* [Instructions to follow] Without the pictures, output the lines of the material from the very first through the one that holds "Najlepšie ceny za".
----
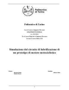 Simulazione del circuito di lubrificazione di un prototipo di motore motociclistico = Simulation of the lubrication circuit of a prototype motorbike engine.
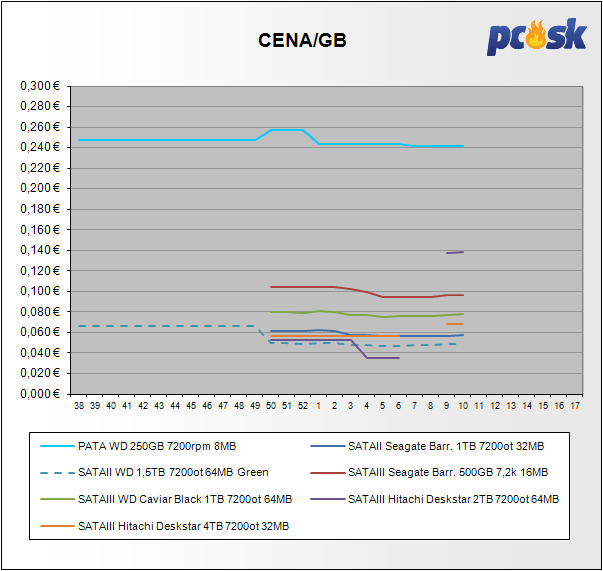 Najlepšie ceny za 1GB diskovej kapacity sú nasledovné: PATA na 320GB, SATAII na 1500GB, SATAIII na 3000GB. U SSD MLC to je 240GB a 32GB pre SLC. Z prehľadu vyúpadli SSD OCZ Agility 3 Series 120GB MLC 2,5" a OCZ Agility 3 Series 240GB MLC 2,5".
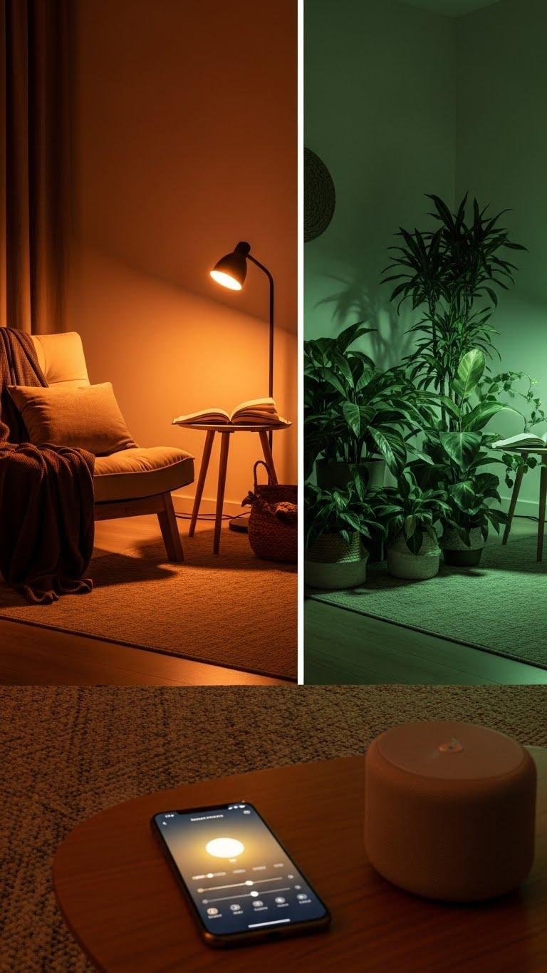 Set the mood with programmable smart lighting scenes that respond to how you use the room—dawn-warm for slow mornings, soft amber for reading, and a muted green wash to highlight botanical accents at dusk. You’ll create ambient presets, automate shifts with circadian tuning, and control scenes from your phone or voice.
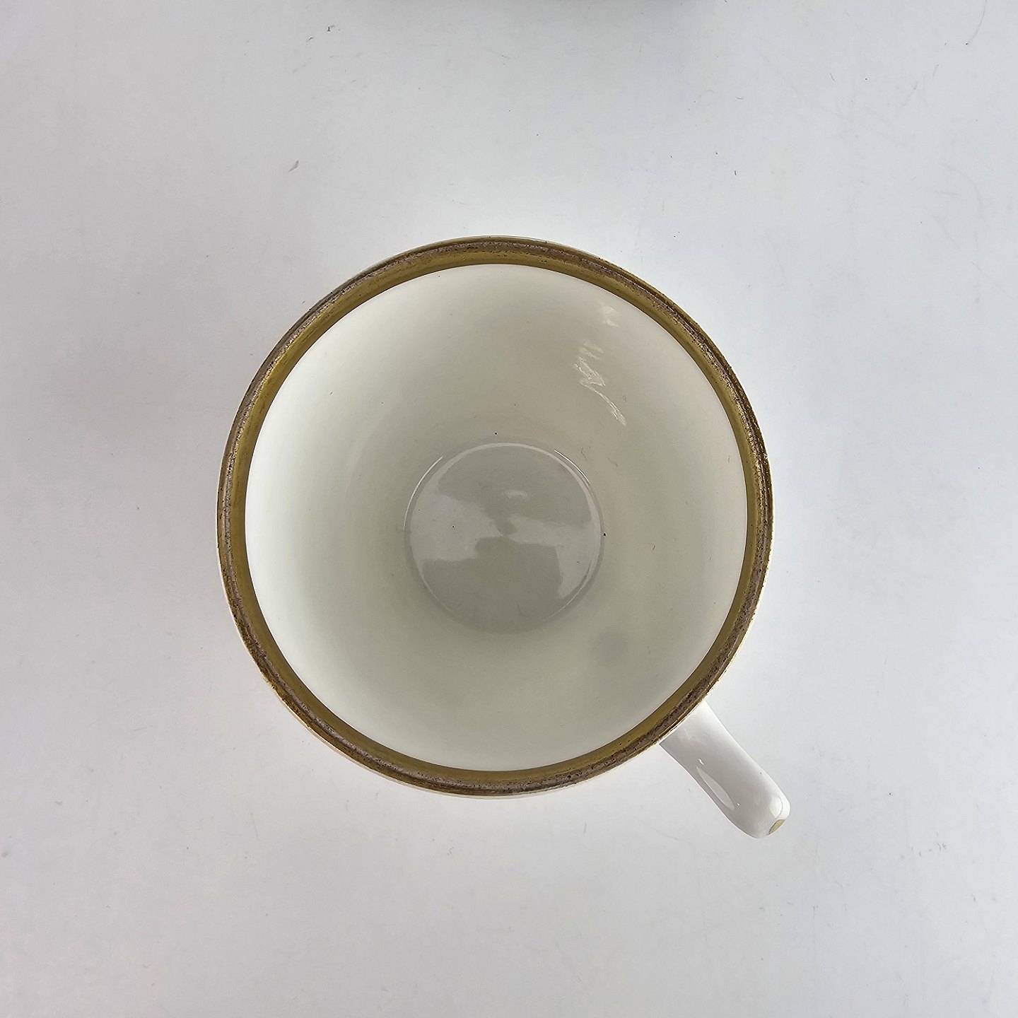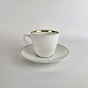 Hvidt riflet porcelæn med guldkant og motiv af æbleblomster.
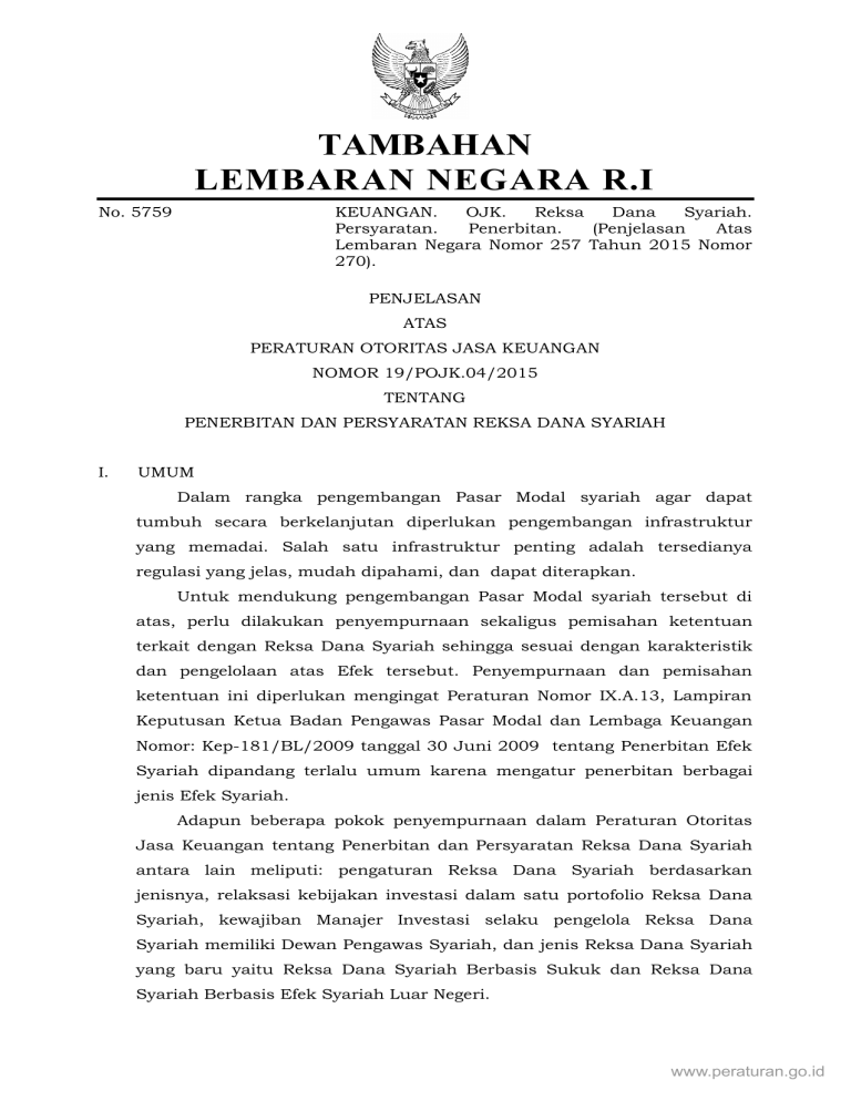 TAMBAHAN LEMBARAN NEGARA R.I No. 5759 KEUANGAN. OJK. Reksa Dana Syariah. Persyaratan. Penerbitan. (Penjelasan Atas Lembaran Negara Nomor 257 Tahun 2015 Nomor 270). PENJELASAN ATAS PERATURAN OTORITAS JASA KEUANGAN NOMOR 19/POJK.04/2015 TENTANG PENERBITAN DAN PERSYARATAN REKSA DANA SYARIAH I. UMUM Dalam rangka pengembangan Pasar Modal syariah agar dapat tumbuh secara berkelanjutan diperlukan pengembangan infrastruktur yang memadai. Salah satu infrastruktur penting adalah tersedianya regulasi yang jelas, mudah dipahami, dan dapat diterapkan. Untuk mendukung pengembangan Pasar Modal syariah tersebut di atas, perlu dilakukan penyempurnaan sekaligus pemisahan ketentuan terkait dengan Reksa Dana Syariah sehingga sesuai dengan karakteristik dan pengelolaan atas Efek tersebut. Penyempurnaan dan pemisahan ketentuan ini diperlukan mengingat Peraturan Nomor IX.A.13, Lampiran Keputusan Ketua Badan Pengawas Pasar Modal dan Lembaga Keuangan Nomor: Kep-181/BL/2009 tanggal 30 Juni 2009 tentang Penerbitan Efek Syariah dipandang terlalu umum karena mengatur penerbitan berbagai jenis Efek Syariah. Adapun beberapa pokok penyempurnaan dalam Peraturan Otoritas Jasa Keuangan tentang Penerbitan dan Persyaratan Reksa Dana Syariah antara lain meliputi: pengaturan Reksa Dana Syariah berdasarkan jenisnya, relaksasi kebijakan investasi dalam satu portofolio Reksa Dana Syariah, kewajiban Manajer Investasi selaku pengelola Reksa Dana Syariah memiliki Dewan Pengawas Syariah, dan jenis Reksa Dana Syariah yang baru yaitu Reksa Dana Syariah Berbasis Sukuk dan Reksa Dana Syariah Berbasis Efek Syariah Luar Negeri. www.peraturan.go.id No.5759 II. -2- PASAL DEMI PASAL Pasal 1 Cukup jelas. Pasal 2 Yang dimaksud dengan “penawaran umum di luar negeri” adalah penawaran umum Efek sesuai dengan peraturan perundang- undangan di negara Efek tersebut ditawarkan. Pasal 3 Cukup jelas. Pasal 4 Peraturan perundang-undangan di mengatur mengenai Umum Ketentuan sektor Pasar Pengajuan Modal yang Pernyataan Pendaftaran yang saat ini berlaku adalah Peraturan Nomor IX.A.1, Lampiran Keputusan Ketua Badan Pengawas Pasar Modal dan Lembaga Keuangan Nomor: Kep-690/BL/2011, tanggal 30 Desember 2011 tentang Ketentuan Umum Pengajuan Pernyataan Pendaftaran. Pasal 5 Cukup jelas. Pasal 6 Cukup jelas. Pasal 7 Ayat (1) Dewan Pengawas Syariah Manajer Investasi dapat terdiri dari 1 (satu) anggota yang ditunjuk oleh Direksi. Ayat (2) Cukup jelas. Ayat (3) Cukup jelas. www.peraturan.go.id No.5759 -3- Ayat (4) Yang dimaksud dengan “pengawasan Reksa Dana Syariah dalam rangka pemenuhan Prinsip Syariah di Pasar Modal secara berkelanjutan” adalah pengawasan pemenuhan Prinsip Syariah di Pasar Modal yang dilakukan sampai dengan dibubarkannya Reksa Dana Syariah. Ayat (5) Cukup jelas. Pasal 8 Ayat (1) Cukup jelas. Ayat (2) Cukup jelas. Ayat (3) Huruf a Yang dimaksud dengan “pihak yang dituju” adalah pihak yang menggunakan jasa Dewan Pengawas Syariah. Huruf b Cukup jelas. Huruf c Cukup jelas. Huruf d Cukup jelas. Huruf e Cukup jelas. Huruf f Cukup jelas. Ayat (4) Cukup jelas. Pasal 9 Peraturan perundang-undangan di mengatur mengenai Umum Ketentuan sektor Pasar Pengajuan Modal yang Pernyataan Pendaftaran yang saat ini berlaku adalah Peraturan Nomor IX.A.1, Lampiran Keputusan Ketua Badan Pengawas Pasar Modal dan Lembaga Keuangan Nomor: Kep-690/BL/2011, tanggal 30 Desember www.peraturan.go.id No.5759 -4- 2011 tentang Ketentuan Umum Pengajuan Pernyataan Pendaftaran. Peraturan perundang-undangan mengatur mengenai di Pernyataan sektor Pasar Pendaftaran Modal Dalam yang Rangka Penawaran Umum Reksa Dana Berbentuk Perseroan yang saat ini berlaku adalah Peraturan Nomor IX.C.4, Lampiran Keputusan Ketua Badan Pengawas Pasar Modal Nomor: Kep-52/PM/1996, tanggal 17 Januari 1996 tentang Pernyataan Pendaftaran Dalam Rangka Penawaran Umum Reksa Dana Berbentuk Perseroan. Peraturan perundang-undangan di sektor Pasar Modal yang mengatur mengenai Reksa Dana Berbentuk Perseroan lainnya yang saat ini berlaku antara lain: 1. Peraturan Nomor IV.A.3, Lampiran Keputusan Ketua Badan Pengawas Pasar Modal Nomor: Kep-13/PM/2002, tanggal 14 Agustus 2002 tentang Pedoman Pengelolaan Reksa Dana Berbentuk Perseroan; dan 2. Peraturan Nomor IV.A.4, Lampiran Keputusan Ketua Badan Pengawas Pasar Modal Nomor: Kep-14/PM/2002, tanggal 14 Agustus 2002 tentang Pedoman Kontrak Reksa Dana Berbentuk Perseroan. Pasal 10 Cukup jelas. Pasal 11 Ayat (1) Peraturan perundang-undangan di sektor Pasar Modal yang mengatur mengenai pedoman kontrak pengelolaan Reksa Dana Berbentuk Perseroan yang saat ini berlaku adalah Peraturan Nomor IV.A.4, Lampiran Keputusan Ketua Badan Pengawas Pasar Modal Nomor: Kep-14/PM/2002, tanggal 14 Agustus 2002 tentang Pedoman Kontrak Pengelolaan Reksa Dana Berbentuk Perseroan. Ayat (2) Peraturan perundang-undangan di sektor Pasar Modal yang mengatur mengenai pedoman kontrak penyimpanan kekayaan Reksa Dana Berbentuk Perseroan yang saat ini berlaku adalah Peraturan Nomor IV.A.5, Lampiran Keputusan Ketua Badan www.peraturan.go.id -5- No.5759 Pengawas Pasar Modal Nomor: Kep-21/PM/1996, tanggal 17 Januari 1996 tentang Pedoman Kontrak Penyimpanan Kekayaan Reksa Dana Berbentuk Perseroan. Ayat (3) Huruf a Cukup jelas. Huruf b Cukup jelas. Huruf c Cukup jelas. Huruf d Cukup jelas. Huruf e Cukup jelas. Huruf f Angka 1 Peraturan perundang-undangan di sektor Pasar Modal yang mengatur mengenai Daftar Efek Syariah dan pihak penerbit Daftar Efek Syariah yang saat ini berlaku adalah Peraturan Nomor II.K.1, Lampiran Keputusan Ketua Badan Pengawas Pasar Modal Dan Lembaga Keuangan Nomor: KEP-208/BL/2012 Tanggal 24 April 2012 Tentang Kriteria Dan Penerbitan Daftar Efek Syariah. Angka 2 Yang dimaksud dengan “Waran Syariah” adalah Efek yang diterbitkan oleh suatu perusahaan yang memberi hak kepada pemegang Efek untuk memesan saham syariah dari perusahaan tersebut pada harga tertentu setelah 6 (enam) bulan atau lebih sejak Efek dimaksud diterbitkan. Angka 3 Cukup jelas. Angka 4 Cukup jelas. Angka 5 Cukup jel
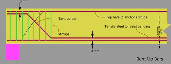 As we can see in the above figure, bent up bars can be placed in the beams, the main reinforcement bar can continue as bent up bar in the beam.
----
* [Exercise response]
 Simulazione del circuito di lubrificazione di un prototipo di motore motociclistico = Simulation of the lubrication circuit of a prototype motorbike engine.
 Najlepšie ceny za 1GB diskovej kapacity sú nasledovné: PATA na 320GB, SATAII na 1500GB, SATAIII na 3000GB. U SSD MLC to je 240GB a 32GB pre SLC. Z prehľadu vyúpadli SSD OCZ Agility 3 Series 120GB MLC 2,5" a OCZ Agility 3 Series 240GB MLC 2,5".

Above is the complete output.